The pefile Python module, written and maintained by Ero Carerra, has become an industry-standard malware analysis library for dissecting PE files. In this section, I show you how to use pefile to dissect ircbot.exe. The ircbot.exe file can be found on the virtual machine accompanying this book in the directory ~/malware_data_science/ch1/data. Listing 1-1 assumes that ircbot.exe is in your current working directory.

Enter the following to install the pefile library so that we can import it within Python:

$ pip install pefile

Now, use the commands in Listing 1-1 to start Python, import the pefile module, and open and parse the PE file ircbot.exe using pefile.

$ python
>>> import pefile
>>> pe = pefile.PE("ircbot.exe")

Listing 1-1: Loading the pefile module and parsing a PE file (ircbot.exe)

We instantiate pefile.PE, which is the core class implemented by the PE module. It parses PE files so that we can examine their attributes. By calling the PE constructor, we load and parse the specified PE file, which is ircbot.exe in this example. Now that we’ve loaded and parsed our file, run the code in Listing 1-2 to pull information from ircbot.exe’s PE fields.

# based on Ero Carrera's example code (pefile library author)
for section in pe.sections:
print (section.Name, hex(section.VirtualAddress),
hex(section.Misc_VirtualSize), section.SizeOfRawData )

Listing 1-2: Iterating through the PE file’s sections and printing information about them

Listing 1-3 shows the output.

('.text\x00\x00\x00', ➊'0x1000', ➋'0x32830', ➌207360)
('.rdata\x00\x00', '0x34000', '0x427a', 17408)
('.data\x00\x00\x00', '0x39000', '0x5cff8', 10752)
('.idata\x00\x00', '0x96000', '0xbb0', 3072)
('.reloc\x00\x00', '0x97000', '0x211d', 8704)

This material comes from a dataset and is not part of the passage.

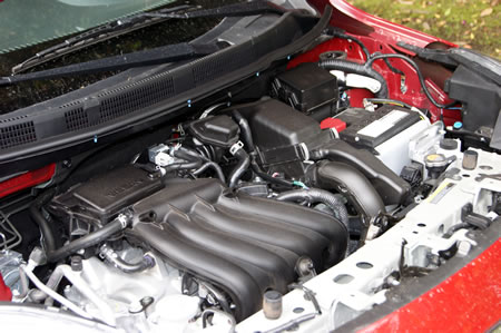 La dirección accionada desde un timón de agradable tacto, es del tipo cremallera y cuenta con asistencia eléctrica, que hace de las maniobras de parqueo algo muy sencillo. En el March, el sistema ofrece sensor de velocidad, que hace que sea más suave a baja velocidad y más duro al aumentar esta. El Motor de cuatro cilindros que , 16 válvulas movidas por un mecanismo de cadena y 1.600 c.c de desplazamiento, un índice de compresión de 9,8 a 1 produce 106HP/5.600 rpm y un torque de 14,50 Kgm/4.000 rpm con un comportamiento impecable y un mínimo nivel sonoro. Este propulsor que utiliza tecnología desarrollada por Nissan con el nombre de “Pure Drive” que optimiza la combustión, aumenta la potencia y el torque y disminuye la emisión de gases contaminantes al incorporar ejes de levas de posiciones variables, conductos de admisión y escape de mayor eficiencia con acelerador electrónico responde muy bien desde bajas revoluciones pero lo brillante de su rendimiento comienza a las 4.000 rpm y no es necesario llevarlo hasta las 5.600 rpm para saber de qué es capaz. En cuanto a consumo y sin entrar en pruebas muy exhaustivas podemos hablar de más o menos 45 Km/galón, que para un automóvil con motor de 1.600 c.c no está nada mal y menos en utilización mayoritariamente urbana.

Listing 1-3: Pulling section data from ircbot.exe using Python’s pefile module

As you can see in Listing 1-3, we’ve pulled data from five different sections of the PE file: .text, .rdata, .data, .idata, and .reloc. The output is given as five tuples, one for each PE section pulled. The first entry on each line identifies the PE section. (You can ignore the series of \x00 null bytes, which are simply C-style null string terminators.) The remaining fields tell us what each section’s memory utilization will be once it’s loaded into memory and where in memory it will be found once loaded.

For example, 0x1000 ➊ is the base virtual memory address where these sections will be loaded. Think of this as the section’s base memory address. The 0x32830 ➋ in the virtual size field specifies the amount of memory required by the section once loaded. The 207360 ➌ in the third field represents the amount of data the section will take up within that chunk of memory.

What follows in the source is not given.